What is Erectile Dysfunction?
Erectile dysfunction (ED) is one of the most common health problems to affect men as they get older. It is defined as the inability to get and/or maintain an erection adequate for sexual relations. Normal erectile function requires blood to flow to the penis and stay there until orgasm. ED can happen at any age, but is more common in men older than 65. Manymen may experience ED on occasion, so it is only if the problem persists that it requires medical attention.
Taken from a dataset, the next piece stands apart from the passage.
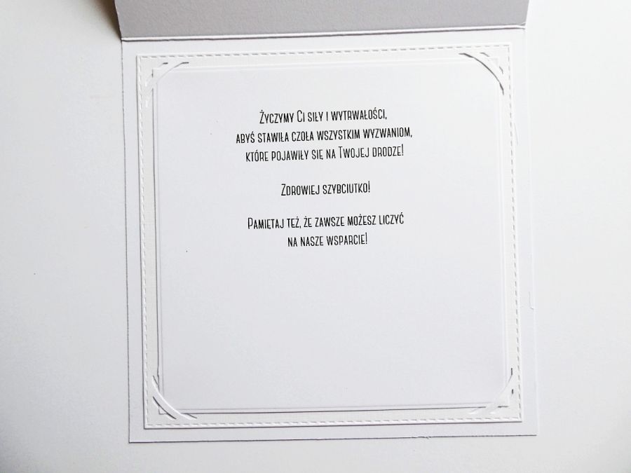 Ręcznie wykonana kartka z życzeniami powrotu do zdrowia - pełna otuchy i nadziei.

What are the common causes of ED?
• Medical conditions that prevent blood flow to the penis through narrowing or damage to blood vessels through a process called atherosclerosis e.g. diabetes, obesity, smoking, high blood pressure and high cholesterol.
• Hormonal imbalances such as low testosterone levels or high prolactin levels
• Certain medications such as antidepressants and drugs used to treat high blood pressure
• Damage to the nerves supplying the penis due to diabetes, stroke, pelvic or prostatic surgery, spinal cord injuries
• Psychiatric conditions such as depression, anxiety disorders as well as relationship problems with the sexual partner

How will ED be evaluated?
• Detailed medical history
o General physical exam including an examination of your penis and testicleBlood tests to check for evidence of hormonal abnormalities (e.g. low testosterone, high prolactin), diabetes (glucose), lipid abnormalities (cholesterol) etc.
• Sometimes, additional psychiatric/psychological evaluation may also be needed

How is ED treated?
Your doctor will discuss treatment options with you, which may include:
• Oral medications that improve ED by increasing blood flow to the penis
• Medications that can be injected into the penis or vacuum
• Testosterone replacement therapy: Testosterone replacement therapy may be prescribed if you have low testosterone. Therapy options include testosterone replacement therapies in the forms of gels, patches, and injections.
• Psychological causes of ED may require counseling, either individually or as a couple with therapist who specializes in sexual dysfunction.
• Depression or anxiety disorders may also need treatment.